I haven’t played the game but that seems a serious stretch. In what way is playing the group version different than solo play? Playing in a real band you have to pay attention to what the others are doing and compensate, does that happen in Rock Star or Guitar Hero or is it simply 3 guys playing solo games merely sharing the same screen? I could see your statement being true for multi-player combat games where you work as a squad or something.
hijack: has anyone tried selling a home version of Dance Dance Revolution?
Yes, there a bunch of 'em. In fact, Red Octane (responsible in part for Guitar Hero and Rock Band) sells all manner of DDR pads. Konami makes the games. I know there are versions for the PS1, PS2, Xbox, and Wii at least.
I love it when people come upon something like this and can’t understand how the heck it can be appealing, when it happens to be the best selling video game of the moment.

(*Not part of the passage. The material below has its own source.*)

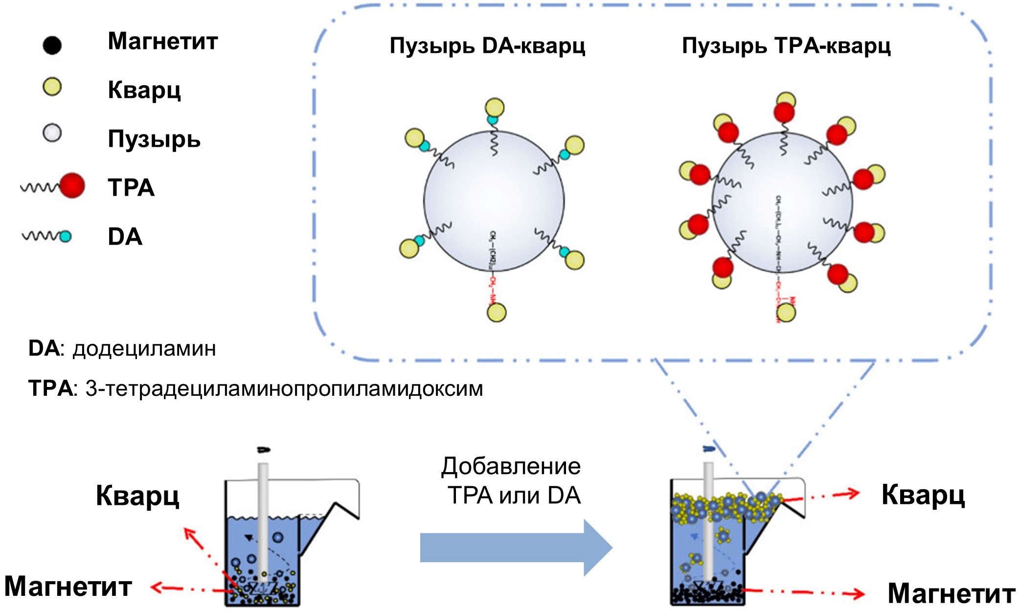 Анализ с помощью инфракрасной Фурье-спектроскопии показал, что ТПА может адсорбироваться на поверхности кварца, но не на поверхности магнетита. Более того, с помощью ζ-потенциала и квантово-химических расчётов было установлено, что ТПА образует водородные связи с атомами кислорода на поверхности кварцевого минерала. Следовательно, ТПА может быть использован в качестве эффективного собирателя в обратной флотации магнетита.

Why the hell did people buy Pet Rocks? I mean, really, it was stupid. Guitar Hero, at least, is a game that involves learning some musical awareness, the need to learn about rhythm, beat, measures, etc. And even if your score was based upon how many buttons you pressed correctly, while you get to listen to the song played properly, it would still be a lot of fun, I would think.

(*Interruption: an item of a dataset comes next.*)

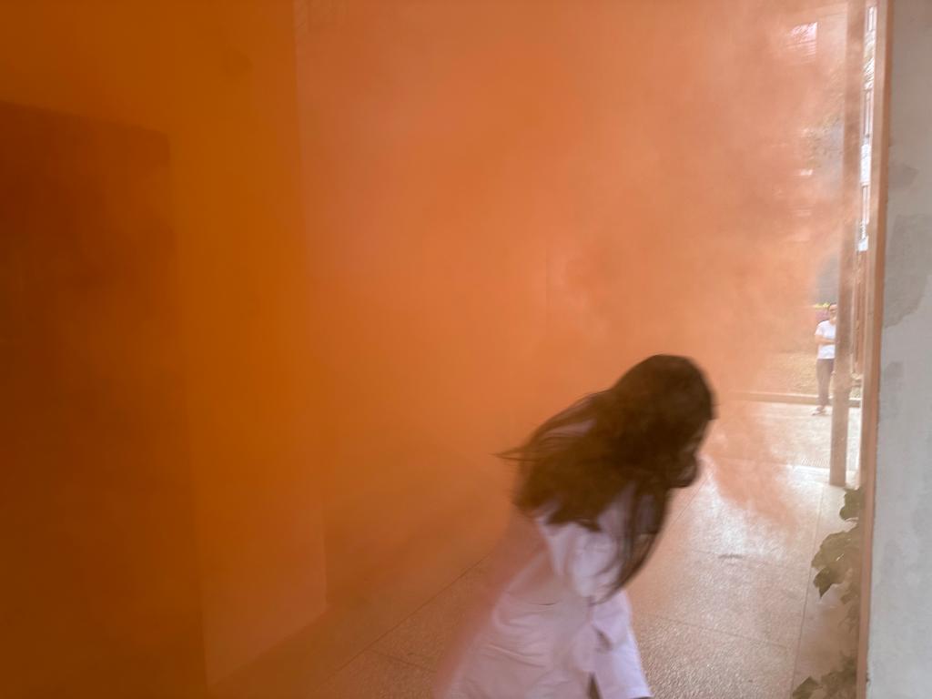 第二部分應(yīng)急逃生演練(消防、地震)。演練開啟前安全工作處林澤文先詳細(xì)介紹消防器材的使用、演練程序、疏散信號、疏散路線、疏散順序等注意事項,并強調(diào)在疏散過程中切勿擁擠、推搡導(dǎo)致踩踏事件發(fā)生。各位置工作人員提前到崗,認(rèn)真履責(zé),確保撤離安全有序。演練開始,安全工作處演練工作組接到演練指令后,模擬燃放煙霧,工作人員組織學(xué)生依次從實訓(xùn)(驗)室撤出,按照指定路線,分別有序從樓梯通道內(nèi)側(cè)撤離,做到彎腰、捂口鼻、迅速有序,到一層大廳集合并清點人數(shù)。

Explain to me why people find games that involve blowing the heads off of people interesting. I’ll never understand that.
I ask out of genuine curiosity. I saw three guys staring at a screen that was telling them which of four buttons to press and when.
Pet rocks were cheap. And you didn’t have to stare at them and follow their instructions.
I don’t find it very appealing either, but it seems to me that at the very least, it’s up to you to decide when you pull the trigger and where to aim, etc.
I used to shake my head sadly at Rock Star, because it gave an easy sense of gratification at simulated guitar playing/rock stardom instead of the tried-and-true crucible of locking yourself in your bedroom for your entire adolescence and actually learning to play the guitar, coming out only when your chops are true and your acne has cleared up. I believed this could lead to the end of actual rock stardom in our time, or at the very least the tragic postponement of the sexual coming-of-age of generations of otherwise unathletic teenagers for whom starting a band is the only hope of arousing interest in a potential sex partner.
Then I played it and was forced to admit it was pretty fun.
Well, to an extent, that’s what playing any piece of music written by another person is: strum this string at this moment, then this one, then this one. Like any simulation, Guitar Hero and its descendents simplify that idea to the point where its relatively easy for anyone to pick it up and produce decent results, without needing years of practice. Also like any simulation, it lacks quite a bit from the real thing. There’s no room for interpretation in Guitar Hero: you play it exactly like the game says to play it, or you fail. Still, the way Harmonix has managed to distill the experience of playing a musical instrument down to a few video-game compatabile elements while still making it an enjoyable experience is pretty clever.
Having actually played music, I’d say, no that’s not what playing music is like at all. Even a karaoke singer can experience making music. I don’t see how this simulates making music at all. Music isn’t about duplicating a sound recording. It’s about using your own body and perhaps an instrument to create something.
But you’re not playing it. At most, you’re switching it on. Or, it seems, preventing its being switched off.